Too often, developer experience is treated like a nice-to-have. Something to focus on after the “serious” priorities are handled. But good developer experience is a force multiplier. It shortens feedback loops. It prevents bugs. It speeds up delivery. And it attracts and retains great engineers. It builds goodwill.

But you can’t improve what you can’t talk about. 😐

If engineers are afraid that raising concerns will get them labeled as difficult, ungrateful, or negative, then the whole system becomes less honest... and worse over time.

In my story... it marked the beginning of the end for me. Not because I changed my mind about how things were. Not even because I was afraid for my job. But I had learned that giving feedback and working to improve the process was less important, less valuable, than protecting the feelings of "important people". I stopped because I realized my efforts to make things better were not appreciated. Ultimately, I left that organization altogether in search of someplace where different ideas were welcomed.

🤔 How many in your organization have stopped trying? 🤔

B-T-Dubs: Softening the message is a bad move

Sometimes, in the name of professionalism, or diplomacy, or something like that, we water down feedback to avoid offending the people who need to hear it. "Can't you just focus on the potential benefits of changing instead of pointing out the failure?" But in doing so, we create another problem: we make things sound better than they are.


For example... and I know this might be a Trigger Warning for some, but it's really stayed with me so hear me out...

When my Mom's doctor came into the room and told her the extent of the cancer that ultimately took her life, he could've tried to make it softer news... "some people live with this for a couple of years, nothing is certain, just take it easy for a few weeks and we'll see how things look".

But the truth was that she had less than 3 months to live, and he didn't shy away from that.
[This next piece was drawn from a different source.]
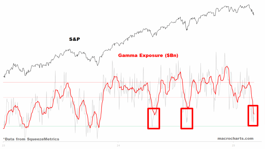 Das Dealergamma bleibt weiterhin im weniger stabilisierenden Bereich. Sprich, Bewegungen im Markt werden nicht verlangsamt, sondern verstärkt. Dadurch kommt es zu sehr volatilen Märkten, welche sich auf kleineren Zeiteinheiten nur schwer handeln lassen.

He said "in this particular situation, we don't have any recourse and you need to prepare."

That led to nine weeks for our family to love on each other, to celebrate her life with her, and to savor every moment before she was gone. None of that would've happened with a "softened" diagnosis... we'd have all gone back to our normal lives and then been surprised when we lost her so quickly.

In hindsight, I am incredibly grateful for the blunt diagnosis. The cost of denial would be HIGH.


Here's the reality of it all: a harsh truth, softened for comfort, stops sounding like a real problem. The urgency gets lost. People walk away thinking they're dealing with a squeaky hinge when it’s actually a collapsed beam.

The risk isn’t just miscommunication: It’s misprioritization. Problems don’t get solved when their size is misunderstood. Sometimes true love, legitimate empathy, has to take the shape of "real talk"... of raw honesty.

What safety actually looks like

Imagine a different reaction to my opening story, one where someone said:

“Blink, This raises some hard truths. Let’s unpack them together. Bring in some other folks who can share various perspectives on these problems, and let’s figure out where the real pain is and what we can work on first.”

Responding like that doesn’t just improve the platform efficiency. It improves the entire culture by showing that feedback is welcomed, even when it’s uncomfortable. Maybe especially when it’s uncomfortable.

If your team only feels safe saying things you already agree with, that’s not Safety. That’s Compliance.


A Final Thought

If you want to improve anything— start by making it safe to talk about what isn’t working. Make EGO the only thing that's unwelcome at the table.

The next time someone challenges the status quo in an effort to help, ask yourself:

Am I making it safer for them to speak next time?
Or am I just making it safer for myself... to not be challenged?